RECORDS FOR THIS TASK.
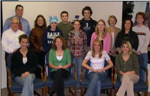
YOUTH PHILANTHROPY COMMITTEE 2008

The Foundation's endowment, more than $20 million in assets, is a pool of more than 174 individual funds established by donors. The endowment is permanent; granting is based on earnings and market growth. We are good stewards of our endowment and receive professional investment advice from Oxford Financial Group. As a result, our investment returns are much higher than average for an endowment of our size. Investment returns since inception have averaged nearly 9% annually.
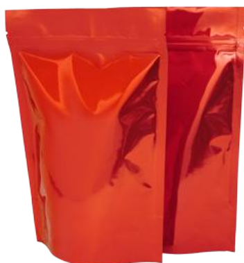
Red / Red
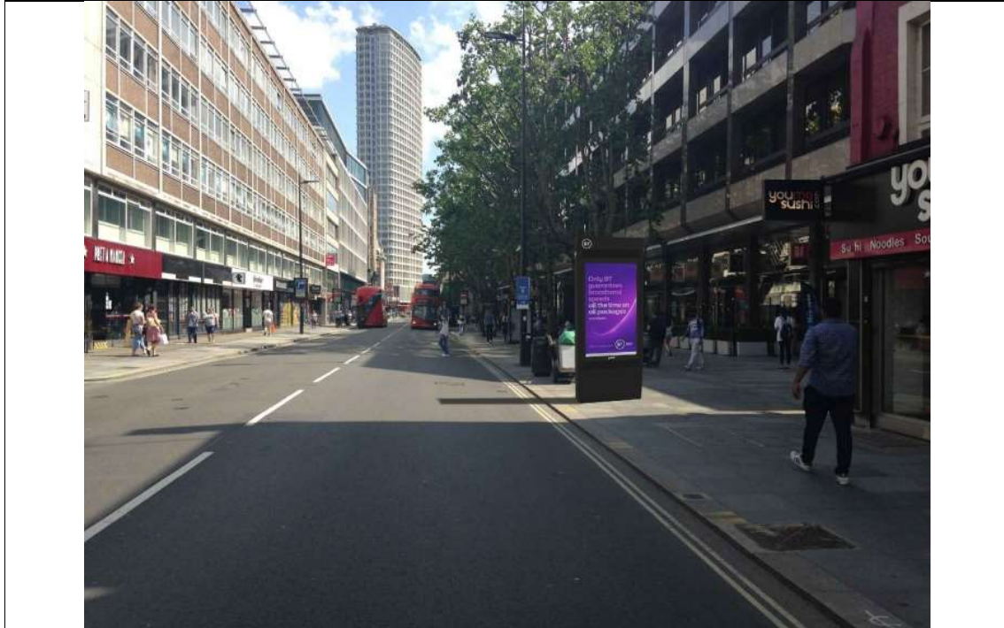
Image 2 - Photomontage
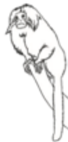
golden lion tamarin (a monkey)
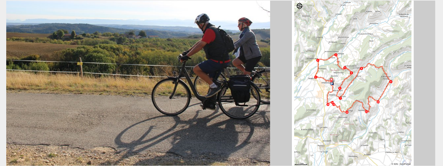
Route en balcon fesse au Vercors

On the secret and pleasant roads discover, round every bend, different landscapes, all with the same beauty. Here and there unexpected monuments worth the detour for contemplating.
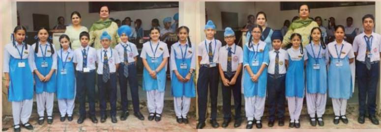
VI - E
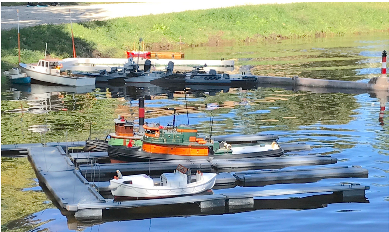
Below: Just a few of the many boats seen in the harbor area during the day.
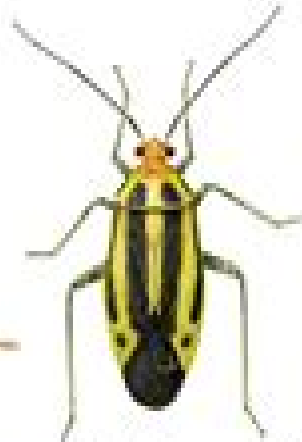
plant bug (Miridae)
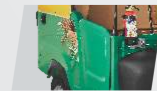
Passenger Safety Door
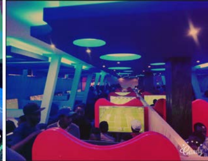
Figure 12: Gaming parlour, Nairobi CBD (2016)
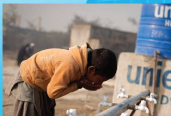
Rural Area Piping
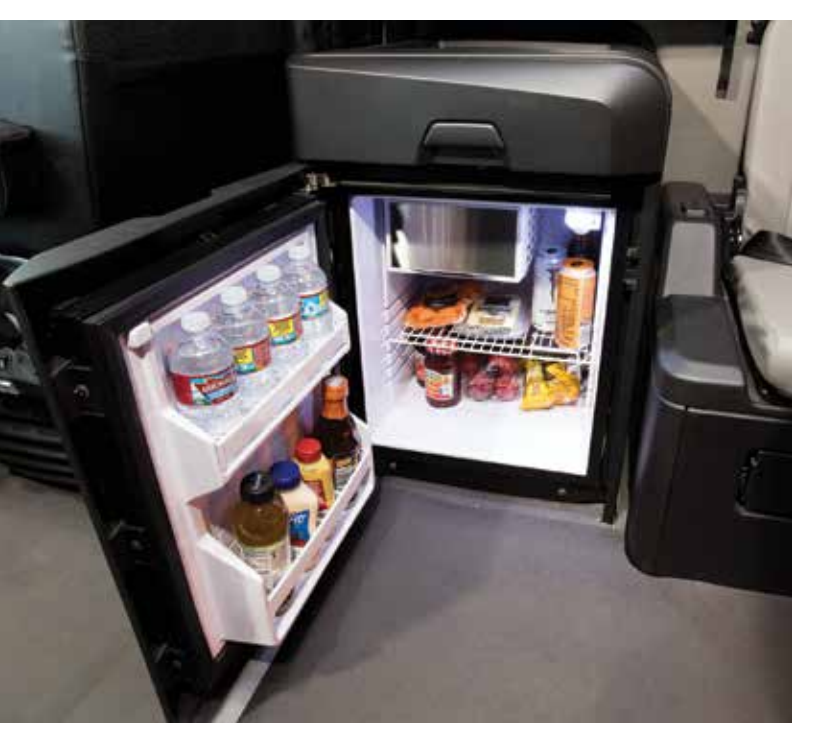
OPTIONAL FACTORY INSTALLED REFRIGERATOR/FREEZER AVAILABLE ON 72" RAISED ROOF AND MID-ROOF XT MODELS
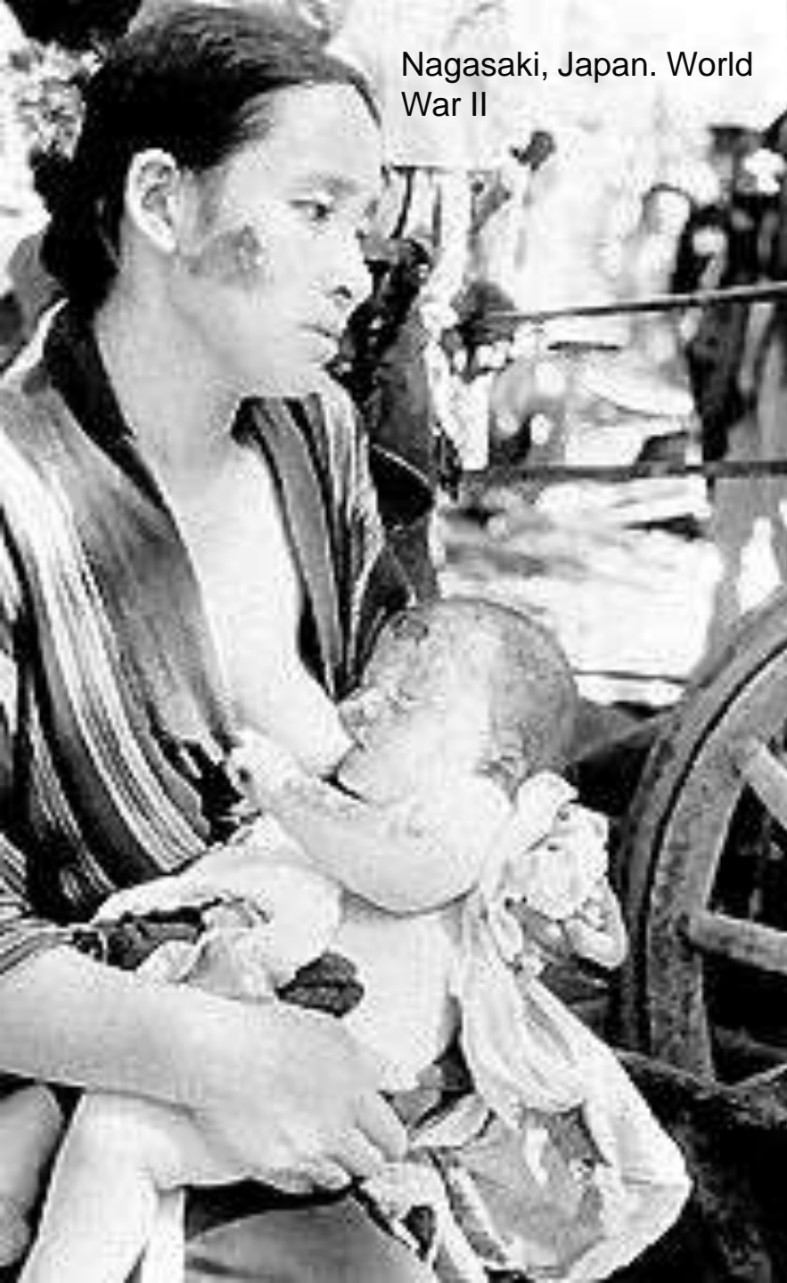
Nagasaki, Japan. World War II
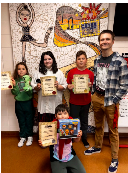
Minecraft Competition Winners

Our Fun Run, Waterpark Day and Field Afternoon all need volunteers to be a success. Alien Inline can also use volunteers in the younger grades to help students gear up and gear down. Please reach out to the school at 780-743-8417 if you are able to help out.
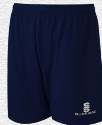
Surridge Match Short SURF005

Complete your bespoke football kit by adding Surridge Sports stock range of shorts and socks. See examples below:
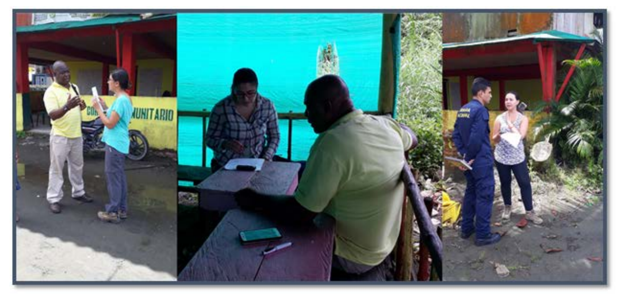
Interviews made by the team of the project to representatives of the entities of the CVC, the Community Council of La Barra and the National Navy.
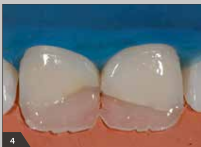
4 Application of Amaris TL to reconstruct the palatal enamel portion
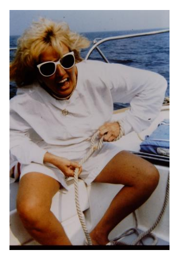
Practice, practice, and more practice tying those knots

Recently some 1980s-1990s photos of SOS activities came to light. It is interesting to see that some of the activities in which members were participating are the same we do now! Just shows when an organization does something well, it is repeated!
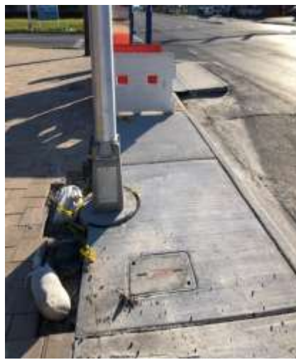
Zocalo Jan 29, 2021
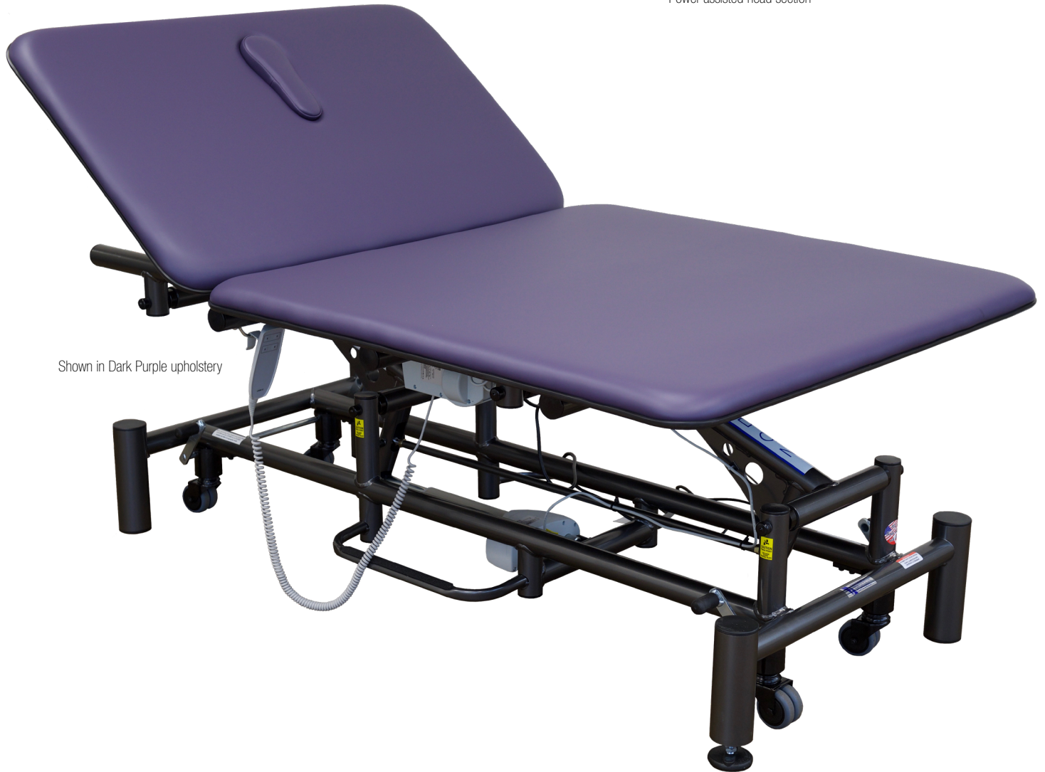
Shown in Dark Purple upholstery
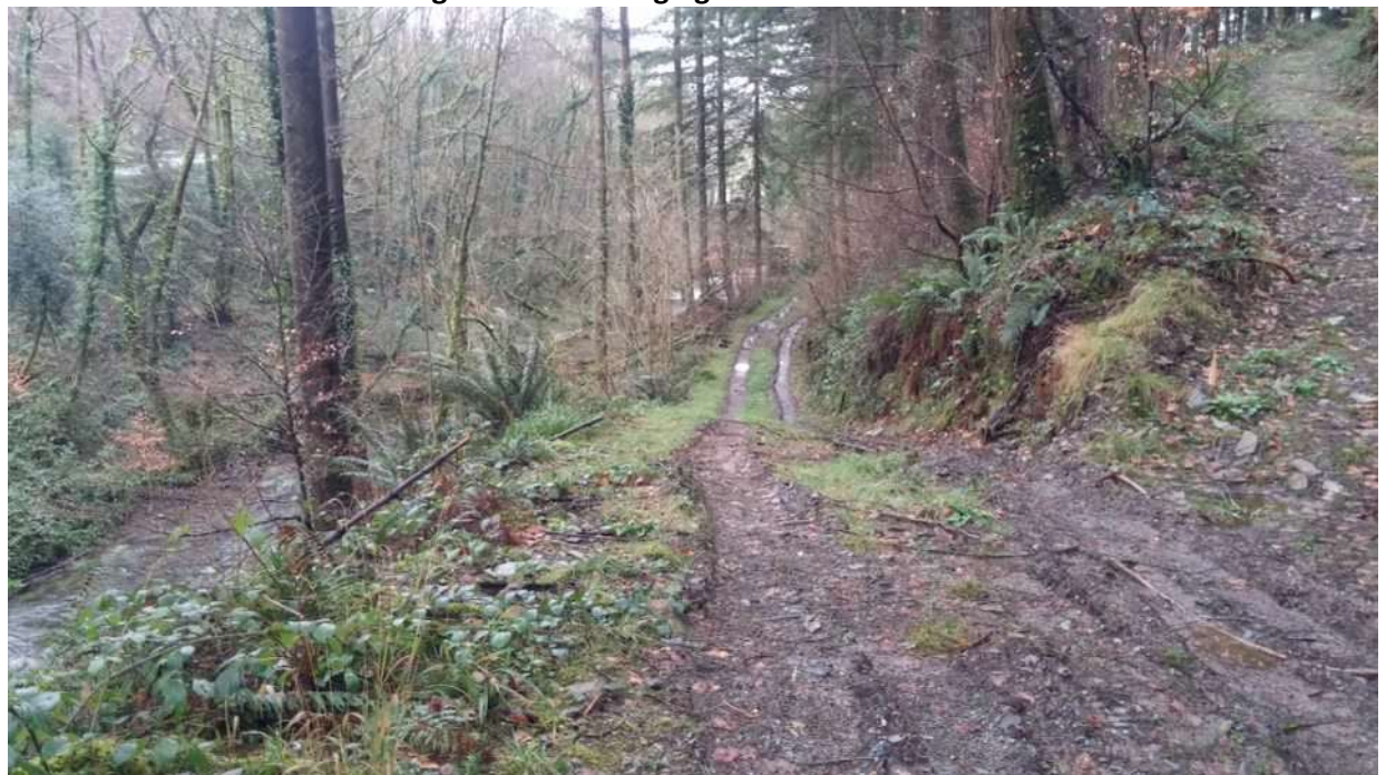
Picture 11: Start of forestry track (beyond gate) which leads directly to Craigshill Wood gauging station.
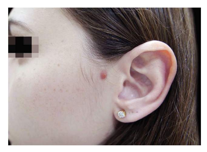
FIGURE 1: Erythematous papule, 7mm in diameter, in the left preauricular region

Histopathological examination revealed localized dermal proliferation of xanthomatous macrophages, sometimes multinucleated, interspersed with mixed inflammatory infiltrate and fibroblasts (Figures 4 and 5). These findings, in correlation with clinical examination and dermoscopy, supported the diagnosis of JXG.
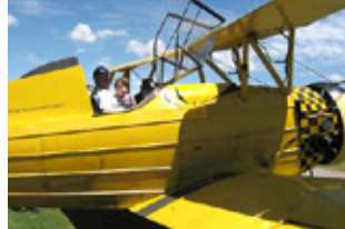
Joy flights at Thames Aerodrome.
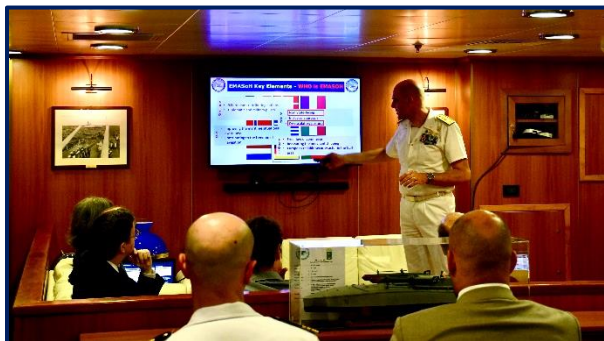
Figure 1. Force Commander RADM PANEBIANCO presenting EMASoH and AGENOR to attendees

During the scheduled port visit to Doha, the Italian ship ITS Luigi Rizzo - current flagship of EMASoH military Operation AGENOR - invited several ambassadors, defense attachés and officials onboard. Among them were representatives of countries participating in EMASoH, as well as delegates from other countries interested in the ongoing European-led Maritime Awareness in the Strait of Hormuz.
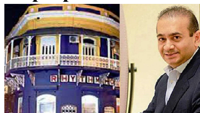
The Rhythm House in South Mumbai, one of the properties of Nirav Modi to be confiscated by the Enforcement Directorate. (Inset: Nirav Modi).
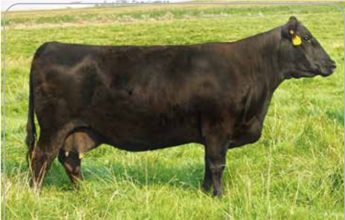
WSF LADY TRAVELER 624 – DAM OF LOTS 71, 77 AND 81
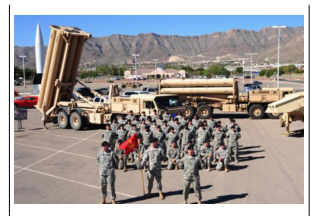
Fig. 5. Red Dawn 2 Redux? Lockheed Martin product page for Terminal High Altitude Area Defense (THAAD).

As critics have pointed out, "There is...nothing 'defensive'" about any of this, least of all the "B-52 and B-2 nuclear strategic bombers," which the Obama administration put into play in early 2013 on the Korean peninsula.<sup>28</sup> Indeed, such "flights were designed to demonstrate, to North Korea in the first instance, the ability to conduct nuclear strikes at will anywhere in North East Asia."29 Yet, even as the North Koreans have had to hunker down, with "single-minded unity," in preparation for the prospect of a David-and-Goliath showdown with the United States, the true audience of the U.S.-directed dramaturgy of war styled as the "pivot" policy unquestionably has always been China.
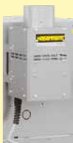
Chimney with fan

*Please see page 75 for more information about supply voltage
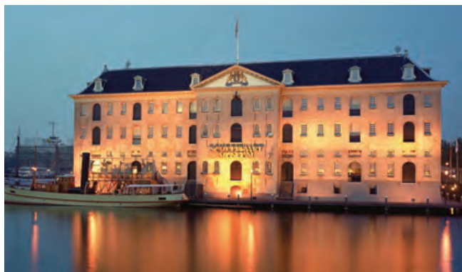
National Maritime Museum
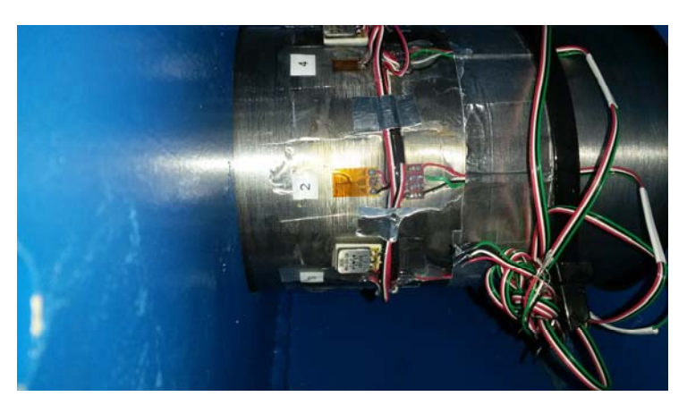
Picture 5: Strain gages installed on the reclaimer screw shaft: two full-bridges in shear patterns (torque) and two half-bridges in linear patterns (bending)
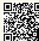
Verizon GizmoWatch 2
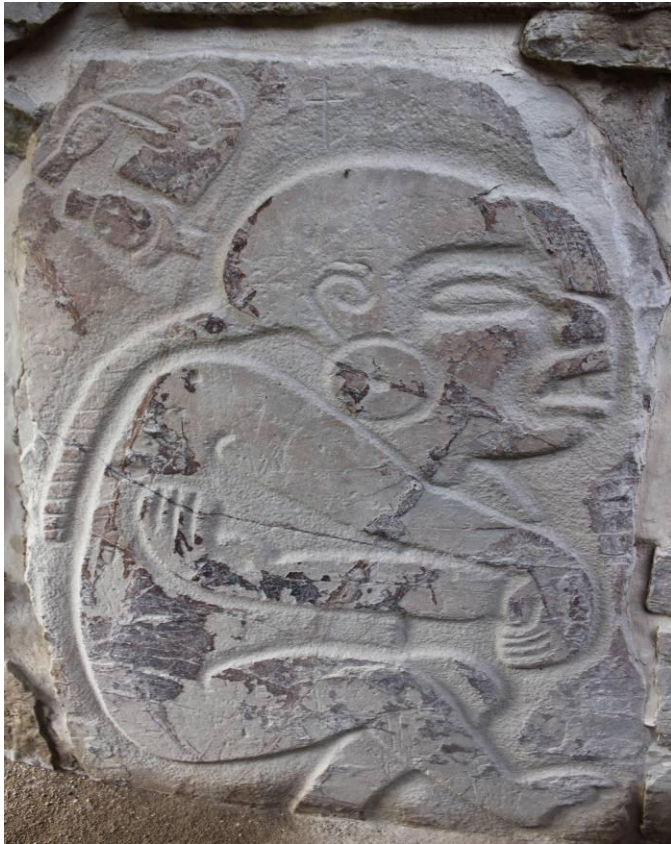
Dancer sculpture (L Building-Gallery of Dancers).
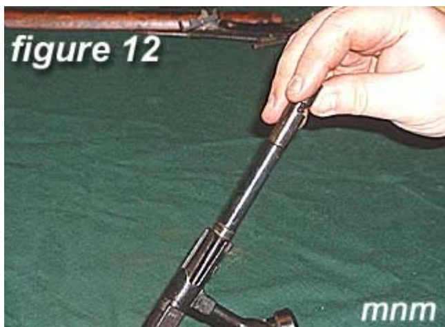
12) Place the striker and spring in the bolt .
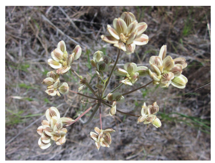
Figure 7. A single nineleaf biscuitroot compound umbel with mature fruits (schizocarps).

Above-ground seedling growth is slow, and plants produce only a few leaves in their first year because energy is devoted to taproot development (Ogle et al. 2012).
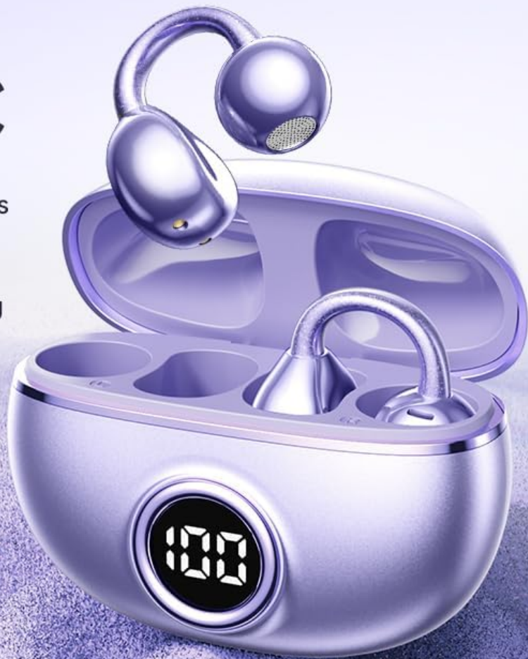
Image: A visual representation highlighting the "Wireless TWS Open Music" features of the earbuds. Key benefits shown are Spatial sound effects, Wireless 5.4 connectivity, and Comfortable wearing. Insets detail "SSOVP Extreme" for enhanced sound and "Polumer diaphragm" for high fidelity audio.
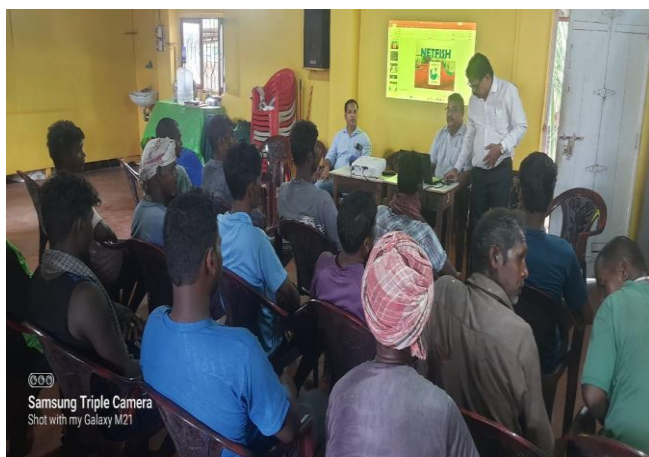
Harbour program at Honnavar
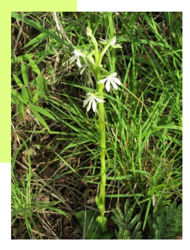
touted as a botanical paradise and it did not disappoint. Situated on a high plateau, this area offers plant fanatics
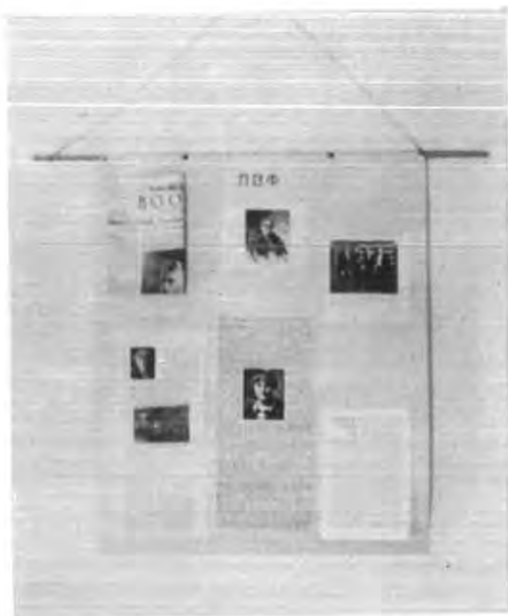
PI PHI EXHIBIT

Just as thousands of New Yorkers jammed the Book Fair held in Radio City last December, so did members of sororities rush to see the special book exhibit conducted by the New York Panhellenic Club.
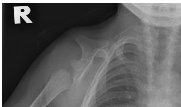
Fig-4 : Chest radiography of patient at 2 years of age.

ACTION ITEM.
To complete this exercise, transcribe exactly the lines above from the one that holds "The Rhythm House" through the one that holds "PI PHI EXHIBIT". Pictures stay out.

SOLUTION TO THE PROBLEM.
The Rhythm House in South Mumbai, one of the properties of Nirav Modi to be confiscated by the Enforcement Directorate. (Inset: Nirav Modi).
WSF LADY TRAVELER 624 – DAM OF LOTS 71, 77 AND 81
Fig. 5. Red Dawn 2 Redux? Lockheed Martin product page for Terminal High Altitude Area Defense (THAAD).

As critics have pointed out, "There is...nothing 'defensive'" about any of this, least of all the "B-52 and B-2 nuclear strategic bombers," which the Obama administration put into play in early 2013 on the Korean peninsula.<sup>28</sup> Indeed, such "flights were designed to demonstrate, to North Korea in the first instance, the ability to conduct nuclear strikes at will anywhere in North East Asia."29 Yet, even as the North Koreans have had to hunker down, with "single-minded unity," in preparation for the prospect of a David-and-Goliath showdown with the United States, the true audience of the U.S.-directed dramaturgy of war styled as the "pivot" policy unquestionably has always been China.
Chimney with fan

*Please see page 75 for more information about supply voltage
National Maritime Museum
Picture 5: Strain gages installed on the reclaimer screw shaft: two full-bridges in shear patterns (torque) and two half-bridges in linear patterns (bending)
Verizon GizmoWatch 2
Dancer sculpture (L Building-Gallery of Dancers).
12) Place the striker and spring in the bolt .
Figure 7. A single nineleaf biscuitroot compound umbel with mature fruits (schizocarps).

Above-ground seedling growth is slow, and plants produce only a few leaves in their first year because energy is devoted to taproot development (Ogle et al. 2012).
Image: A visual representation highlighting the "Wireless TWS Open Music" features of the earbuds. Key benefits shown are Spatial sound effects, Wireless 5.4 connectivity, and Comfortable wearing. Insets detail "SSOVP Extreme" for enhanced sound and "Polumer diaphragm" for high fidelity audio.
Harbour program at Honnavar
touted as a botanical paradise and it did not disappoint. Situated on a high plateau, this area offers plant fanatics
PI PHI EXHIBIT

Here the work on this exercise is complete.